Они сошлись. Пыль взметнулась столбом. Искры посыпались из камней, подвернувшихся им под ноги. Не жалели они ни себя, ни противника своего нисколечко. Да и не простил бы один другому слабости, поблажки.

Это уже не драка - это работа.

Молча. Яростно. Всерьез.

Даже зрителям невмоготу стало. Помочь нельзя, а видеть такое - не приведи господь никому!

Бабка Оладья первая опомнилась:

- Храни тебя Бог, сынок. - перекрестила она в воздухе бойцов. Ребятки, милые, пошли скорей, родимые, он же специально майора на себя заманул, чтобы мы проскочили...

С трудом оторвавшись от страшного и завораживающего зрелища, путешественники очнулись. И встали они плечо в плечо, как в пионерском своем детстве, и со знаменем нараспашку - пошли, пошли, пошли...!

Впереди всех - бабка Оладья, бесстрашная матерь человеческая, расставив руки, словно прикрыть всех стараясь.

За ней - Маруся Бесприданная, дочка ее, кем только и как только можно обиженная.

За ней - Рыжая Женька, во всей своей ведьминой красоте.

А за ними все мужики многострадальные: битые, обворованные, чиновниками шельмованные, трудом непосильным изуродованные, а по большому счету, такие же ребята, как и те, в пограничной форме, что на пути у них встали.

Наверное потому, когда шагнул навстречу им, выставив кулаки, ефрейтор Попкин, удержал его за рукав сержант Пысин, сказав ему простую солдатскую мудрость:

- Не делай того, после чего тебе стыдно будет. Ты же - Русский солдат... - и махнул рукой на нарушителей. - Чего встали?! Пошли вы...

Тут он загнул такое, что даже ветер стих от неожиданности. И все солдаты, как по команде, повернулись спиной к нарушителям. А на пригорке остановили бой Громилин и Полукрымский, провожая взглядом нарушителей.

- Пусть уходят, майор. Я-то вот он, здесь. Я отвечу...

- Пускай идут. Нам свидетели не нужны. Мы сами разберемся... Ох и поломаю я тебя сегодня, ох поломаю...!

- Не хвались, едучи на рать... - отозвался Полукрымский, сбрасывая рубаху...

Глава двенадцатая

"Вот мы и в Гибралтаре!" "За островами!
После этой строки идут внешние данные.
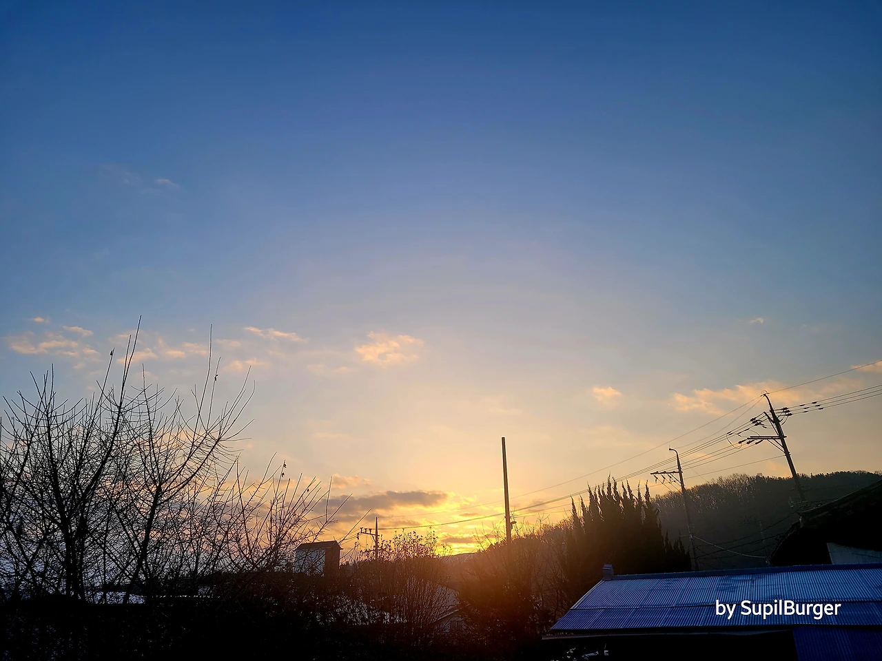 회사에서 50m쯤 걸어 나와 앞산(정확히는 용두산) 능선이 보이는 골목으로 내려갔다. 바다나 산 정상이었으면 예고 시간에 해가 떴겠지만, 산으로 둘러싸인 동네에선 아직 해가 보이지 않는다. 10분쯤 밖에 서 있으니 춥다.

За кокосами!" В новую жизнь

со старыми болячками. "Где у вас раздача?" "У нас не болеют, у нас

сразу умирают." Равные права на бесправие. Опять лишние. "Ну, вообще!"
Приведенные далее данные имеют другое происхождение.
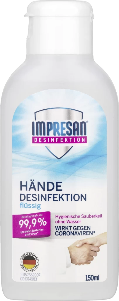 Keime werden besonders schnell über die Hände übertragen. Besonders verbreiten sich Keime an Gegenständen die oft und von unterschiedlichen Leuten angefasst werden. Mit der IMPRESAN Händedesinfektion schützen Sie sich und Ihre Familie vor speziellen Bakterien und Viren, egal ob zuhause oder unterwegs. Bei richtiger Anwendung desinfiziert die Händedesinfektion Ihre Hände bereits nach 30 Sekunden und beseitigt dabei mehr als 99,9 % spezieller Bakterien und Viren.

- Ну, вот мы и в Гибралтаре... - почему-то без радости в голосе, скорее как-то устало, произнесла бабка Оладья, когда они пересекли границу.

Никто с радостью не выбегал к ним навстречу. Они растерянно жались друг к другу, оглядываясь, как в незнакомой квартире оглядываются в поисках коврика, для того, чтобы вытереть ноги.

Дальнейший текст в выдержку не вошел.